Print them exactly: the lines from the beginning of the entries below through the line that contains "Specifically, preliminary data", and only those, with the pictures left out.

=== Provided data ===

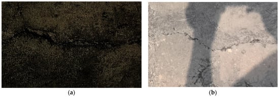 Images of a hydraulic concrete surface with poor luminance: (a) low light; (b) non-uniform luminance.
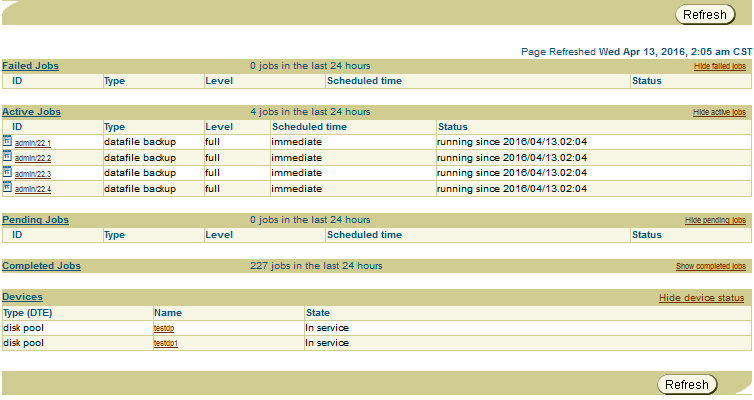 即使我们知道使用磁盘池做备份介质,这里备份设备类型也必须写sbt,这样才能保证rman能调用介质管理层的功能,后面的参数注意,testdp是我们在OSB中定义的设备,这个设备的定义里,指向一个备份服务器的本地文件系统(8块机械硬盘做的RAID 0)。
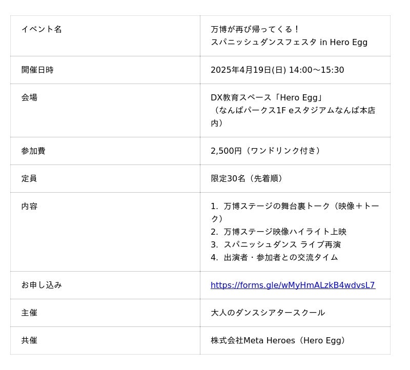 株式会社Meta Heroes(本社所在地:大阪府大阪市、代表取締役:松石和俊、以下「当社」)は、当社が運営するDX教育施設「Hero Egg(ヒーローエッグ)」において、2025年4月19日(日)、大阪・関西万博のアリーナ会場で実施された「スパニッシュダンスフェスタ」の再演イベントを共催いたします。
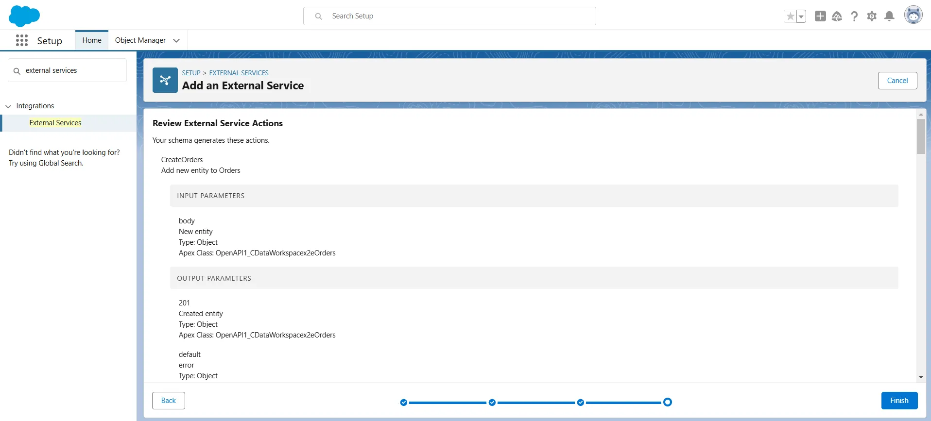 - All the schema-generated actions are displayed in the Review External Services Actions screen. Click Finish.
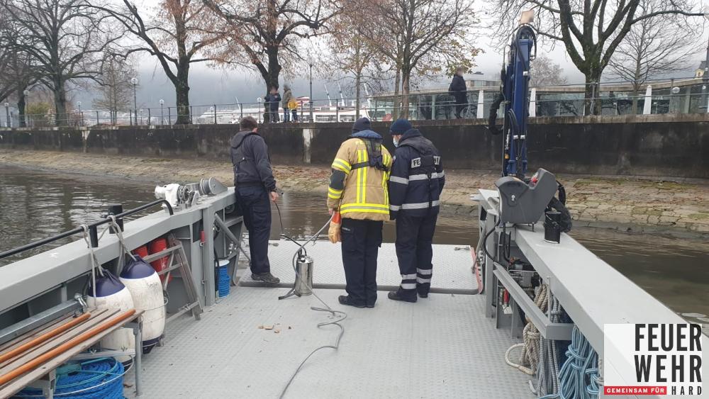 Am Ufer des Bregenzer Thalbachs trat aufgrund eines technischen Defekts Hydrauliköl aus, welches über den Thalbach in den Bodensee gelangte. Wir rückten mit dem Einsatzboot „Föhn“ nach Bregenz aus, um die im bereits im Einsatz befindlichen Feuerwehr Bregenz zu unterstützen.
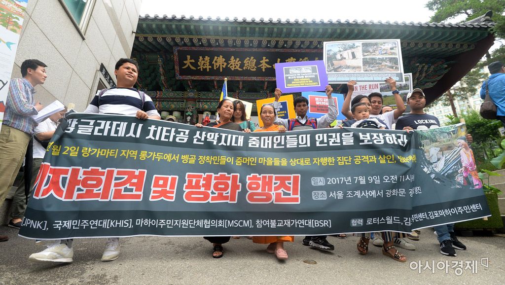 [아시아경제 문호남 기자] 재한줌머인연대 및 국제민주연대 관계자들이 9일 서울 종로구 조계사 앞에서 '방글라데시 줌머족의 평화보장 촉구' 기자회견을 열고 광화문광장 방향으로 행진을 하고 있다. 줌머족은 방글라데시 동남부 '치타공 지역 산악지대'에 살고 있는 11개 소수민족을 통칭한다. 줌머족은 "방글라데시 정부로부터 줌머족 말살정책 등 인권 탄압 문제를 겪고 있다"며 이에 대한 불교계의 관심을 촉구했다.문호남 기자 munonam@asiae.co.kr<ⓒ세계를 보는 창 경제를 보는 눈, 아시아경제(www.asiae.co.kr) 무단전재 배포금지>
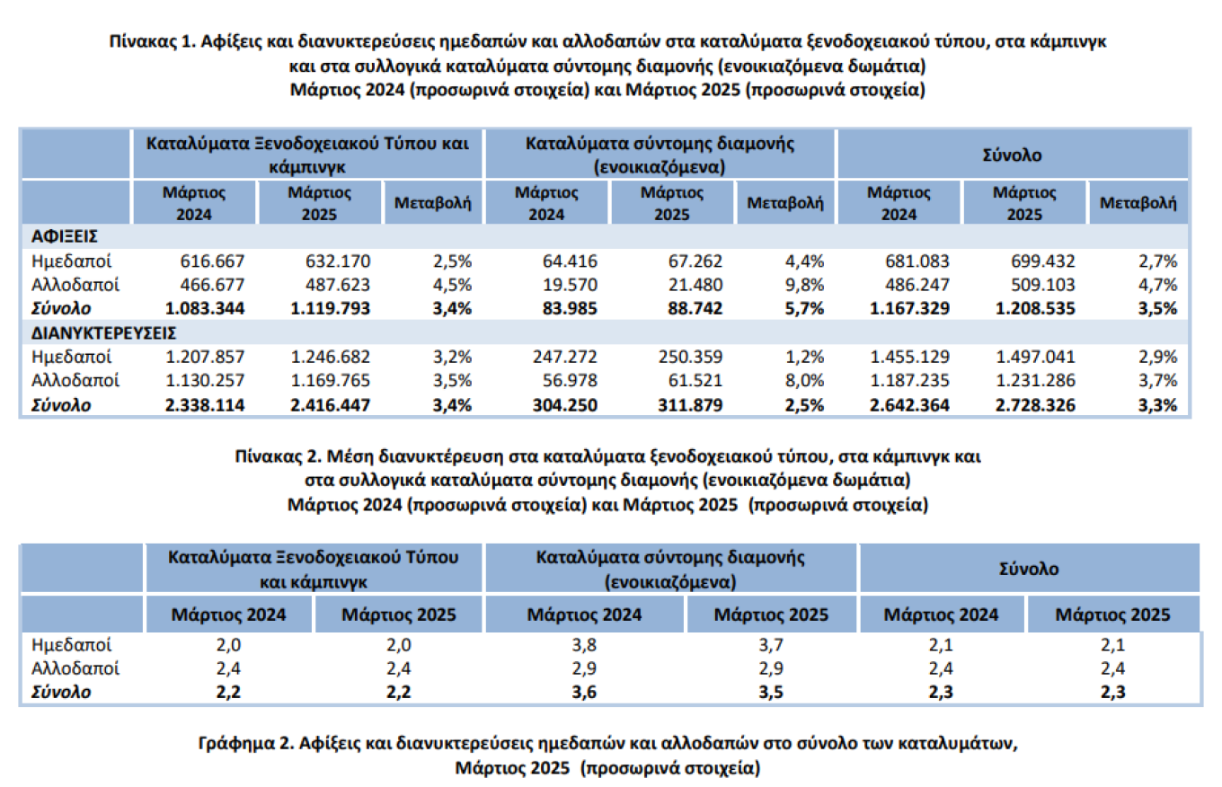 Specifically, preliminary data obtained from ELSTAT indicates that in March 2025, there was a 4.7% rise in arrivals and a 3.7% rise in overnight stays among foreign visitors compared to March 2024.
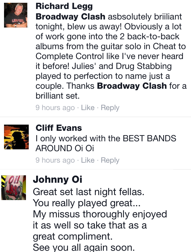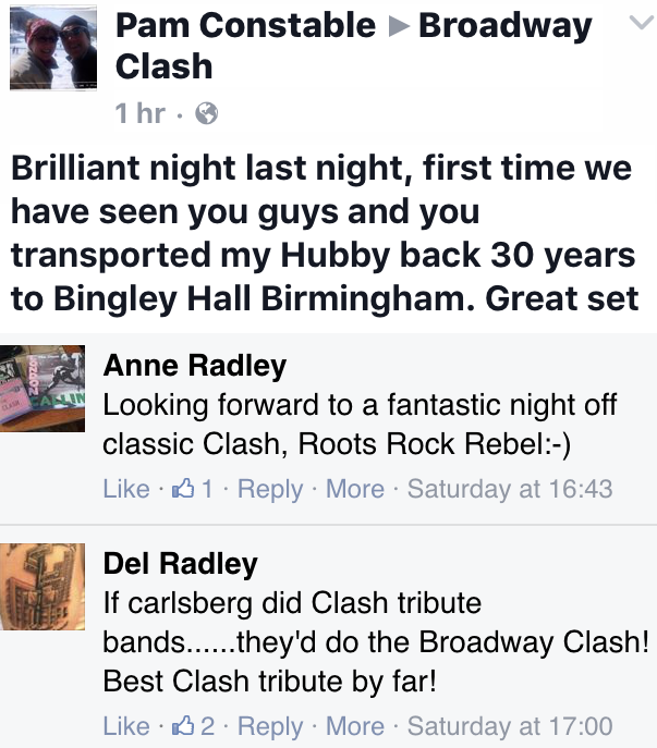 "Broadway Clash play all the greatest songs of The Clash - loud and from the heart as they were always meant to be with passion and authenticity"
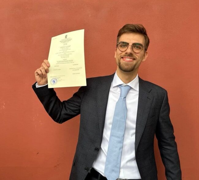 Ο 23χρονος αριστούχος δηλώνει ότι τον ενδιαφέρει ιδιαίτερα το εμπορικό και το ιδιωτικό διεθνές δίκαιο, ενώ ιδανικά θα ήθελε να συνδυάσει τη δικηγορία με ακαδημαϊκή καριέρα και έρευνα.
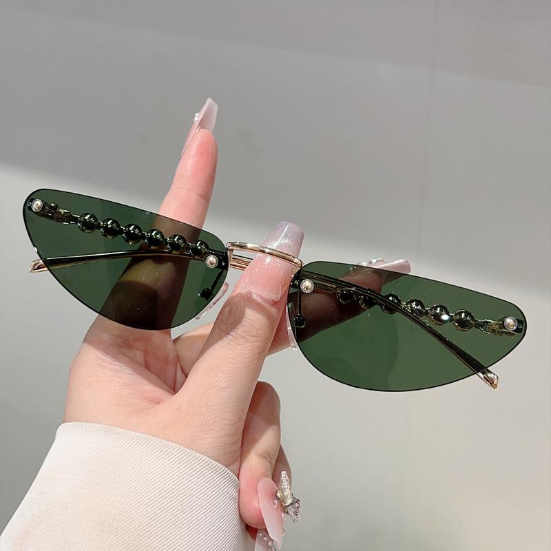 Rimless Triangle Sunglasses with Pearls Women New Fashion Casual Sun Glasses Trendy Sweet Brand Design Decor Shades
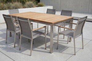 STERN Cardiff Garten-Essgruppe, silber/taupe, Edelstahl/Teak, Tisch 180/240 x 100 cm, 6 Stapelsessel, FSC®-zertifiziertes Produkt
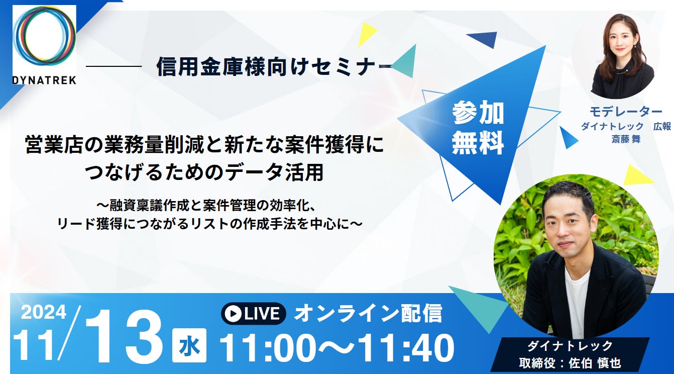 株式会社ダイナトレック(本社:東京都港区、代表取締役:佐伯 譲二、以下「ダイナトレック」)は、日本全国の約30の金融機関でのデータ統合・データ活用プロジェクトを展開しております。この度、それらの事例や経験をもとに、特別オンラインセミナーを開催いたします。
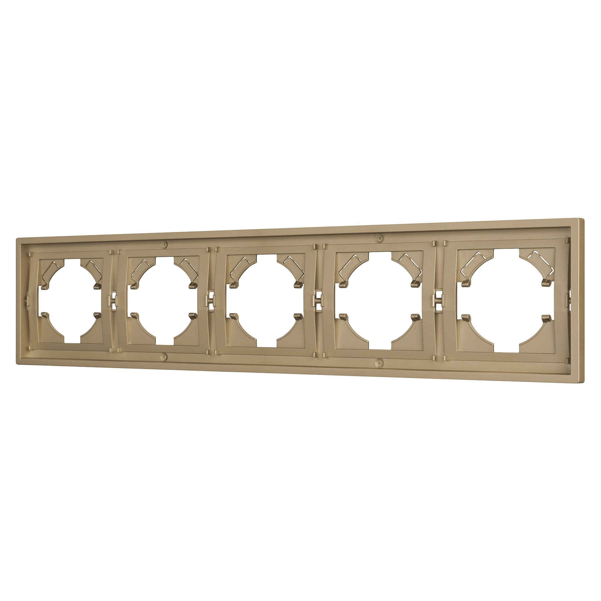 Рамка пластиковая на 5 постов, под встраиваемый механизм. Цвет - золотой, с Soft-Touch покрытием. Среднего уровня герметичности IP20. Ориентация монтажа горизонтальная.

===

» **Exercise solution**:
 Images of a hydraulic concrete surface with poor luminance: (a) low light; (b) non-uniform luminance.
 即使我们知道使用磁盘池做备份介质,这里备份设备类型也必须写sbt,这样才能保证rman能调用介质管理层的功能,后面的参数注意,testdp是我们在OSB中定义的设备,这个设备的定义里,指向一个备份服务器的本地文件系统(8块机械硬盘做的RAID 0)。
 株式会社Meta Heroes(本社所在地:大阪府大阪市、代表取締役:松石和俊、以下「当社」)は、当社が運営するDX教育施設「Hero Egg(ヒーローエッグ)」において、2025年4月19日(日)、大阪・関西万博のアリーナ会場で実施された「スパニッシュダンスフェスタ」の再演イベントを共催いたします。
 - All the schema-generated actions are displayed in the Review External Services Actions screen. Click Finish.
 Am Ufer des Bregenzer Thalbachs trat aufgrund eines technischen Defekts Hydrauliköl aus, welches über den Thalbach in den Bodensee gelangte. Wir rückten mit dem Einsatzboot „Föhn“ nach Bregenz aus, um die im bereits im Einsatz befindlichen Feuerwehr Bregenz zu unterstützen.
 [아시아경제 문호남 기자] 재한줌머인연대 및 국제민주연대 관계자들이 9일 서울 종로구 조계사 앞에서 '방글라데시 줌머족의 평화보장 촉구' 기자회견을 열고 광화문광장 방향으로 행진을 하고 있다. 줌머족은 방글라데시 동남부 '치타공 지역 산악지대'에 살고 있는 11개 소수민족을 통칭한다. 줌머족은 "방글라데시 정부로부터 줌머족 말살정책 등 인권 탄압 문제를 겪고 있다"며 이에 대한 불교계의 관심을 촉구했다.문호남 기자 munonam@asiae.co.kr<ⓒ세계를 보는 창 경제를 보는 눈, 아시아경제(www.asiae.co.kr) 무단전재 배포금지>
 Specifically, preliminary data obtained from ELSTAT indicates that in March 2025, there was a 4.7% rise in arrivals and a 3.7% rise in overnight stays among foreign visitors compared to March 2024.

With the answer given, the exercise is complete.